WIFI_PASS = "YourPassword"

Yes, plaintext credentials on an unencrypted filesystem. The security model here is "don't lose the Pico."

5. Reset the Pico

Unplug and re-plug the Pico. It will boot, connect to WiFi, and appear as a USB Ethernet adapter. If all goes well, which historically is a big "if."

Architecture

[Host Computer] --USB--> [Pico 2 W: CDC-ECM] --WiFi--> [The Internet]
                          ^                ^
                          |                |
                    Fake Ethernet     Application-level NAT
                    adapter that      written in a language
                    actually works    that shouldn't be doing
                    (somehow)         this (but is)

File Descriptions

File What It's Doing Down There
config.py WiFi credentials in plaintext, network settings, and connection limits that exist because we ran out of RAM, not because we planned ahead
ecm_interface.py Convinces your OS that this Pico is a real Ethernet adapter. USB descriptor wizardry. Contains dead code that survived review because the reviewer was also the author
netstack.py 571 lines of hand-rolled Ethernet/IP/TCP/UDP parsing, DHCP server, DNS proxy, and NAT. Every networking course project's final boss
boot.py Runs before anything else to hijack the USB bus. 12 lines that can brick your REPL access if you look at them wrong
main.py Connects to WiFi, starts the bridge loop, and garbage-collects every 100 iterations because MicroPython will eat your RAM like it's at a buffet
flash.sh Deployment script that kills ModemManager, probes serial ports, and uploads files. Enterprise-grade DevOps for a $6 board

Limitations

  • Throughput: 50-100 KB/s. You can load web pages. You probably can't stream video. You definitely can't stream video.
  • Connections: 128 TCP, 256 UDP at a time. Configurable, but the Pico has 520 KB of RAM, so go ahead and raise those limits -- see what happens.
  • No ICMP forwarding: You can ping the Pico itself (it responds to prove it's alive), but pings to the internet go nowhere. traceroute is right out.
  • Single client: One host computer at a time. If you need to share WiFi with multiple devices, you want an actual router.
  • TCP state machine: Written by someone who learned TCP by writing this TCP implementation. Connection edge cases may produce outcomes that are, charitably, creative.

OS Compatibility

OS Status
Linux Works out of the box. CDC-ECM is natively supported. The one time Linux's driver model paid off.
macOS Works out of the box. Apple supporting open standards -- mark the calendar.
Windows 10+ Requires registry tweaks, sacrificial offerings, and driver configuration. So, par for the course.

Getting the REPL Back

boot.py takes over the USB interface at startup.
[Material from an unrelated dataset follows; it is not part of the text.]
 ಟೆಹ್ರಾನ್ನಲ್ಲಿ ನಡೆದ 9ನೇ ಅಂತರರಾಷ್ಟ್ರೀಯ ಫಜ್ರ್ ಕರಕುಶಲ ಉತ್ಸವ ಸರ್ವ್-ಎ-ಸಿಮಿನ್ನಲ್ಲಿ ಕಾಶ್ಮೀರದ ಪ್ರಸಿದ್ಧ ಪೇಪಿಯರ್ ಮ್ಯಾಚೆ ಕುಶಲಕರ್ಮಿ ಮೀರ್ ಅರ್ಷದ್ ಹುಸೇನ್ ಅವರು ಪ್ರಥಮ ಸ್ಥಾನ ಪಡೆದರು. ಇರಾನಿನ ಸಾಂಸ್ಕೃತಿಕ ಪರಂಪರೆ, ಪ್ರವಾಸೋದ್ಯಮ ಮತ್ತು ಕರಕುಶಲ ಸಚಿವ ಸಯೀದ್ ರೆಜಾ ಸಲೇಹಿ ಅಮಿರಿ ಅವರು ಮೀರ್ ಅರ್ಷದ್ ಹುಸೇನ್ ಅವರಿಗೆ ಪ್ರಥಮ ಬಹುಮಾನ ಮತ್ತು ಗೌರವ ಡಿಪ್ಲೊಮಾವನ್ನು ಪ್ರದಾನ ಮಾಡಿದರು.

If you need to get back in:

  • Hold BOOTSEL during reset to enter USB mass-storage mode, then re-flash MicroPython.
  • Or use mpremote from another machine:
    mpremote rm :boot.py
    mpremote reset

Why

Because "I could just buy a WiFi dongle" is the coward's path, and we wanted to understand networking at a level that makes us mass uncomfortable at parties.

License

Do whatever you want with this. If you find a way to make money from a MicroPython WiFi dongle that maxes out at dial-up speeds, you deserve it.

About

Turn your 6$ Raspberry pi Pico 2 W into a network card. Because why the hell not.